1, since the injection pipe does not protrude into the pipe 11, the structure is simplified, and the injection pipe is not likely to be clogged by the slurry.

The spray nozzle shown in FIG. 1 is configured so as to leave a predetermined space between the tip of the air injector 18 and the rear end of the cylindrical guide 17, as shown in FIG. Alternatively, the distal end of the air injector 18 may be located on the same plane as the rear end of the cylindrical guide 21 of the nozzle distal member 20. In the spray nozzle shown in FIG. 2 as well, it becomes possible to spray the low-viscosity liquid while dispersing it well in the high-viscosity slurry, similarly to the spray nozzle in FIG.

In the spray nozzle shown in FIG. 2, the front surface of the nozzle tip member 20 projects forward to increase the distance from the tip of the air injector 18 to the nozzle hole, and the nozzle hole 22 is formed here.
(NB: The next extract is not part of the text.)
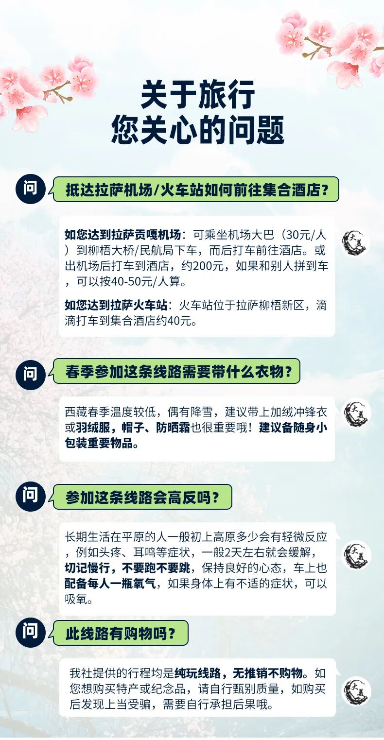 拉萨(或第2天林芝)集合,拉萨(或林芝)完团,连发8期,期期成行,

Have been.

The cross-sectional shape of the cylindrical guides 17 and 21 is not limited to a specific shape, but a cylindrical guide having a cross-sectional shape such as a circle, an ellipse, or a polygon such as a triangle or a rectangle is used. You can also.

[0015]

As described above, according to the present invention, since the cylindrical guide extending from the outer periphery of the nozzle hole into the pipe is provided, the low-viscosity liquid supplied into the pipe from the injection port is supplied to the cylinder. The liquid is sucked into the inside of the shape guide beyond the peripheral portion thereof, and the low-viscosity liquid can be sprayed from the nozzle hole while being well dispersed in the high-viscosity slurry.

[Brief description of the drawings]

FIG. 1 is a cross-sectional view showing a spray nozzle according to an embodiment of the present invention.
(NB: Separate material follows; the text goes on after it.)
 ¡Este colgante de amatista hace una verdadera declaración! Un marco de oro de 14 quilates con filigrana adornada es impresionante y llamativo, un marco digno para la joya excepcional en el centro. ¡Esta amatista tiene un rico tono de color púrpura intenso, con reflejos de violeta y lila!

FIG. 2 is a cross-sectional view showing a spray nozzle according to another embodiment.

FIG. 3 is a sectional view showing a conventional spray nozzle.

FIG. 4 is a sectional view showing another conventional spray nozzle.
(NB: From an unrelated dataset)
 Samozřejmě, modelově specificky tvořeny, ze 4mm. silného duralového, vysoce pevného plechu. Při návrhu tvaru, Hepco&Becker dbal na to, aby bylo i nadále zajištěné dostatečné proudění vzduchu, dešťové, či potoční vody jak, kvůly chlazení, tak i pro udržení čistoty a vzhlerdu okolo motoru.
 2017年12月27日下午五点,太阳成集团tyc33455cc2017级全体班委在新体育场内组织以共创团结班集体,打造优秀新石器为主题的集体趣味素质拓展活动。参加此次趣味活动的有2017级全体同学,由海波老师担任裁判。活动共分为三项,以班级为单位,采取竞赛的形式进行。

FIG. 5 is a sectional view showing still another conventional spray nozzle.

[Explanation of symbols]

 DESCRIPTION OF SYMBOLS 11 Pipe 12 Opening 13 and 20 Nozzle tip member 14 Flange 15 and 22 Nozzle hole 16 Holding member 17 and 21 Cylindrical guide 18 Air injector 19 Injection port

 ──────────────────────────────────────────────────続 き Continuing on the front page (72) Inventor Masaaki Oda 6-1 Kashiwara, Ishioka City, Ibaraki Pref. Inside the Building Materials Technology Laboratory (72) Inventor Tadanori Shibata 6-1 Kashiwara, Ishioka City, Ibaraki Pref. In-house (72) Inventor Osamu Tanaka 2-5-5 Tsurumi-chuo, Tsurumi-ku, Yokohama-shi, Kanagawa Pref. Inside (72) Inventor Tsutomu Horiguchi 2-5-5 Tsurumi-chuo, Tsurumi-ku, Yokohama-shi, Kanagawa Ask techno construction Inside the corporation

Claims (1)

[Claims] 1. A pipe into which slurry is introduced, a nozzle hole formed at a predetermined angle with respect to a center axis of the pipe at a tip of the pipe, and a tip of the pipe facing the nozzle hole. An air injector protruding into the pipe and ejecting compressed air toward the nozzle hole, an injection port of a low-viscosity liquid opening in an inner wall portion of the pipe, and an outer peripheral portion of the nozzle hole. A spray nozzle comprising: a tubular guide extending into a pipe.